* **About this task**
For the records below, output word for word the lines from the one with "On an Island" up to and including the one with "این ماسک اسکلتی". No pictures.

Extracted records
........

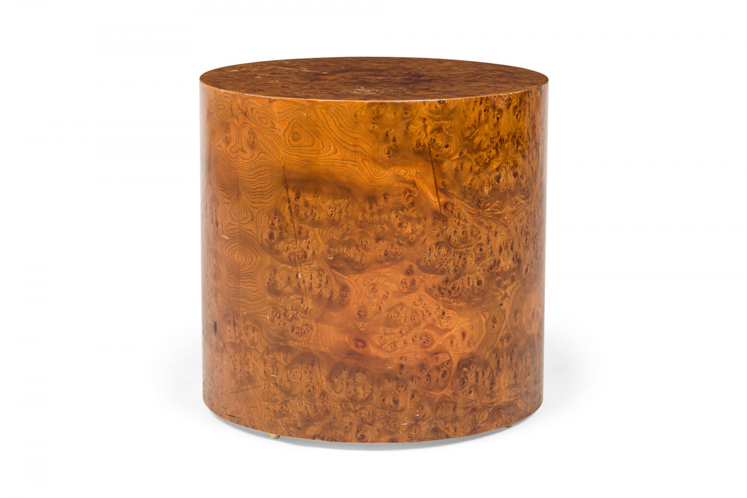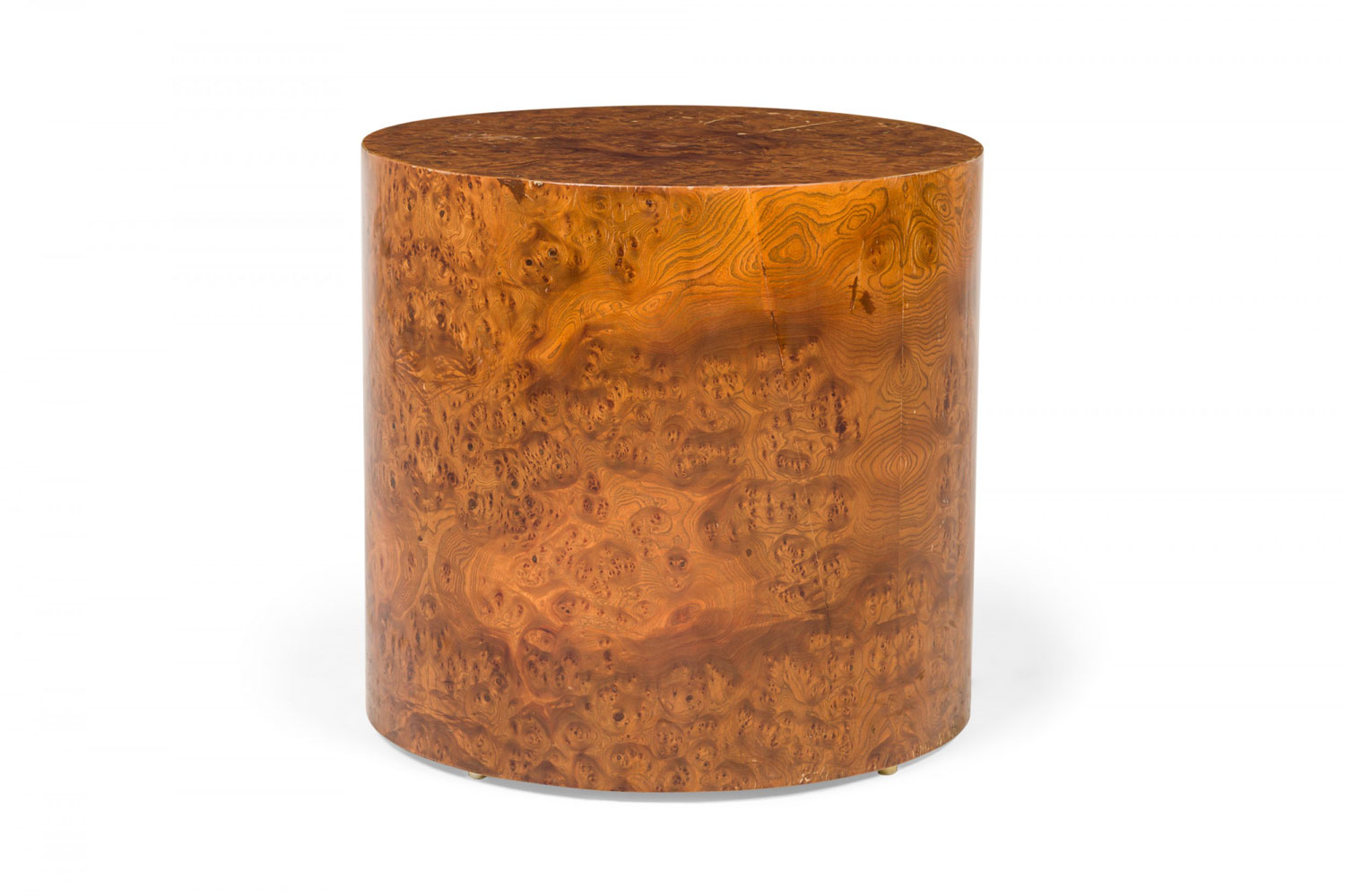 American Mid-Century drum form end / side table with an ash burl wood veneer. (MILO BAUGHMAN FOR DIRECTIONAL FURNITURE COMPANY).
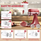 Special Design for Kitchenaid Mixers: strainer for Kitchenaid includes fruit and vegetable strainer attachment, meat grinder attachment for kitchenaid mixer, the strainer can help you to make tomato sauce, apple sauce, baby food and more, the grinder can ground meat with great texture for sausages and burgers. Both of them are the best helper for you kitchen. Fruit and Vegetable Strainer Attachment: For kitchenaid food mill strainer, it’s better for the fruit like apples, tomatoes, for the stiff fruit, it should be cooked pulp first so that easily passes through the little holes, and other parts (stems, seeds, skins) which you want to separate. For the tomatoes, you need cooked it first, which easily separate the seeds, stems, woody parts and any tough skins pass out the end. Food Grinder Attachment: The meat grinder for kitchenaid mixer includes includes 2 Grinding Blades, 2 Grinding Plates, 2 Sausage stuffer Tubes, 1 Retainer Ring. The meat grinder attachment is made of Food grade material, grind fresh meat for sausages and burgers, vegetables for salsas & sauces, hard cheeses, fresh bread crumbs. And the two size sausage stuffer tubes allows you to make any kinds of sausage. Easy to Use The Strainer: Cook all tough or firm fruits and vegetables before straining, cut into pieces that will fit into hopper, remove the hard thick skin, the strainer attachment will separate the peels, you will get the pristine pureed fruits juice or vegetables. Easy to Clean with Dishwasher Safe: All fruit strainer and meat grinder parts for kitchenaid are detachable, it’s dishwasher safe and easily to clean with soap, warm water (must be below 122°F) and the brush provided.
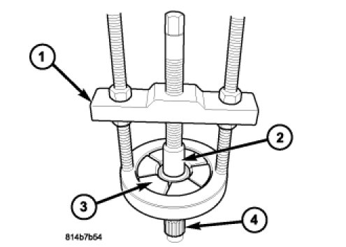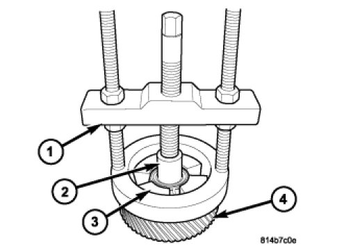 4. Remove the rear output shaft flange (2) from the output shaft. If the flange is difficult to remove, use a suitable 2 or 3 jaw puller to remove the flange.
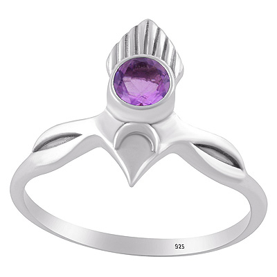 Alluring Pattern Handcrafted Around Amethyst Round Shape 925 Sterling Solid Silver Ring
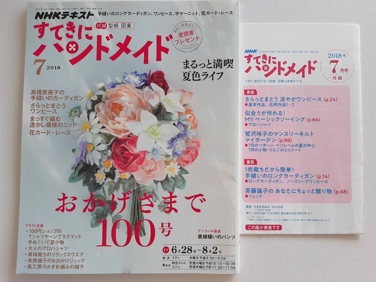 - ★送料込【NHKすてきにハンドメイド2018年7月号】ロングカーデ/ワンピ/サマーニット/花カードレース/直線縫いパンツ/型紙・図案【NHK出版】
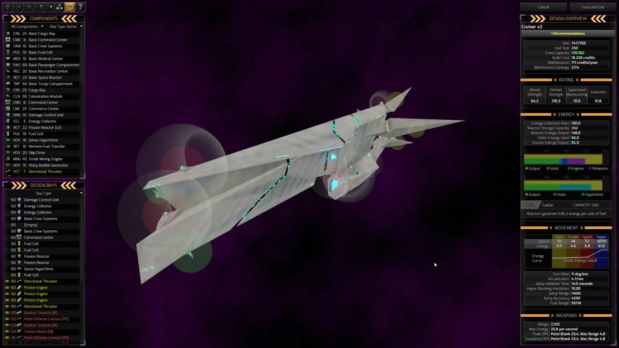 Schepen kunnen worden uitgerust met wapens, motoren & Co. via een editor, die Distant Worlds 2 dan daadwerkelijk op het 3D model weergeeft.
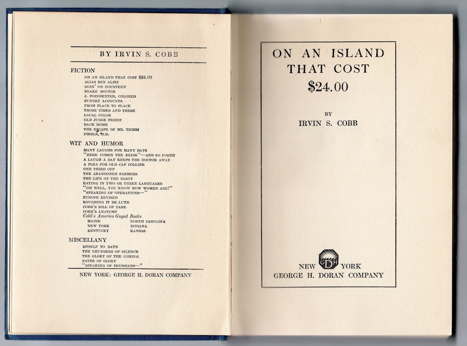 On an Island That Cost $24.00 by Irvin S. Cobb, is a collection of short stories, only one of which I really need to get:
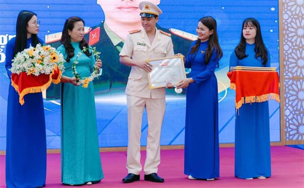 | Đại úy Tưởng Thị Như Quỳnh nhận giải thưởng Gương mặt tiêu biểu năm 2023. |
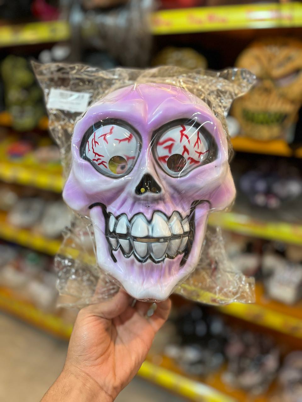 این ماسک اسکلتی با رنگ صورتی خاص خود، نه تنها ترسناک است، بلکه نوعی حس شوخطبعی را نیز به همراه دارد. چشمان از حدقه درآمده با رگهای خونی، دندانهای سفید و نمایان و جزئیات دقیق چهره، این ماسک را به یک اثر هنری تبدیل کرده است. میتوانید با خیال راحت این ماسک را در مهمانیها، جشنها و یا حتی برای شوخی با دوستان خود استفاده کنید.
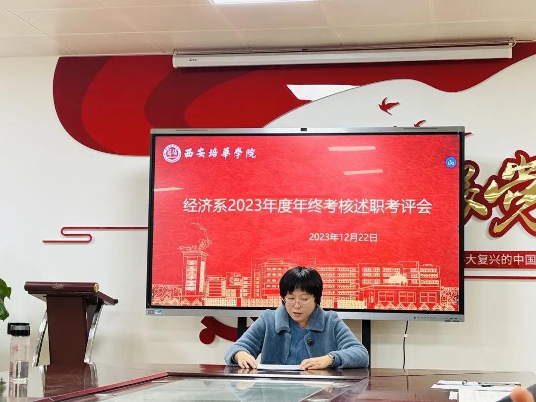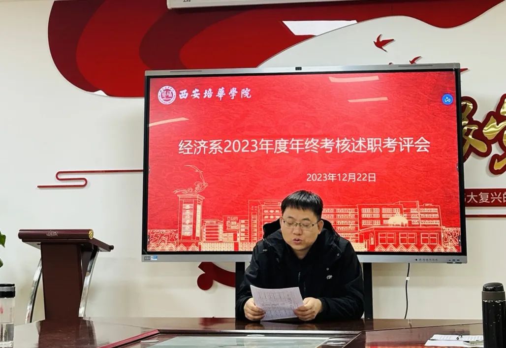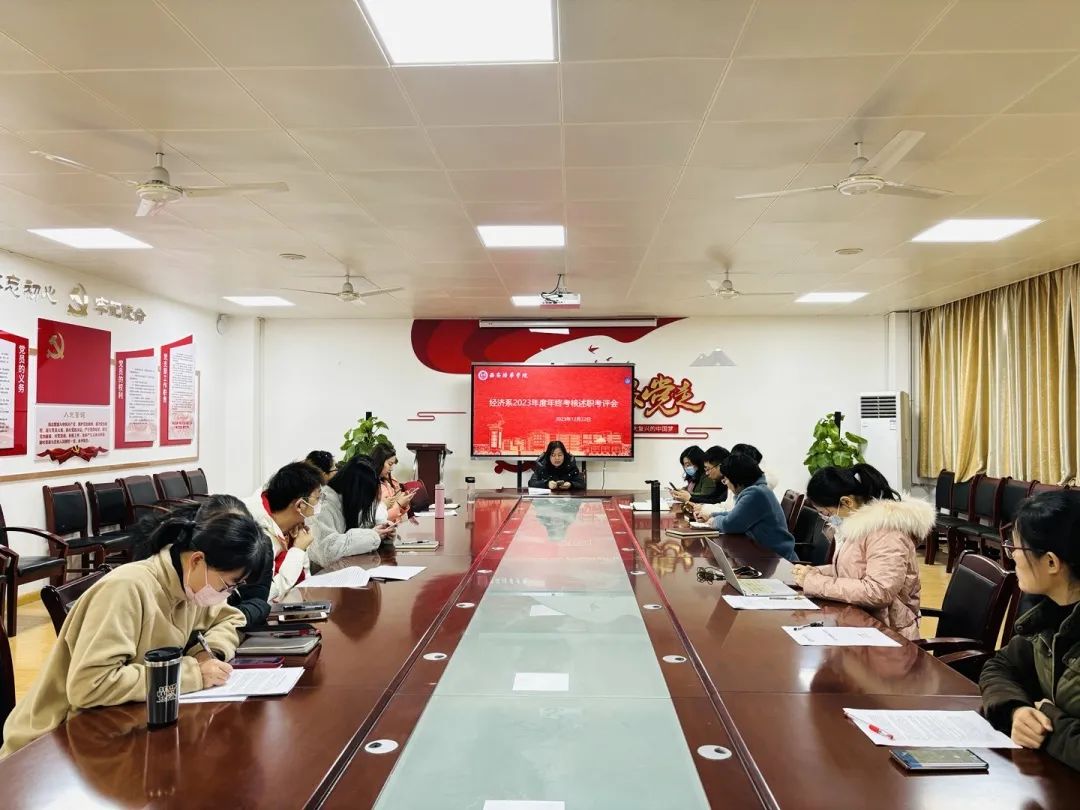 2023年即将结束,为了对本年度教学、科研、行政等工作完成情况进行梳理与总结,经济系于2023年12月22日上午在2115会议室召开了2023年度年终考核述职考评会,系主任、副主任、专业带头人和各位老师对本年工作完成情况进行述职。
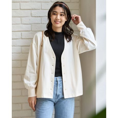 仕立て映えのする張り感のあるポンチ素材を使用したカーディガンです。袖にニュアンスが出るようなシルエットで作りました。

........

* **Completed task**
 On an Island That Cost $24.00 by Irvin S. Cobb, is a collection of short stories, only one of which I really need to get:
 | Đại úy Tưởng Thị Như Quỳnh nhận giải thưởng Gương mặt tiêu biểu năm 2023. |
 این ماسک اسکلتی با رنگ صورتی خاص خود، نه تنها ترسناک است، بلکه نوعی حس شوخطبعی را نیز به همراه دارد. چشمان از حدقه درآمده با رگهای خونی، دندانهای سفید و نمایان و جزئیات دقیق چهره، این ماسک را به یک اثر هنری تبدیل کرده است. میتوانید با خیال راحت این ماسک را در مهمانیها، جشنها و یا حتی برای شوخی با دوستان خود استفاده کنید.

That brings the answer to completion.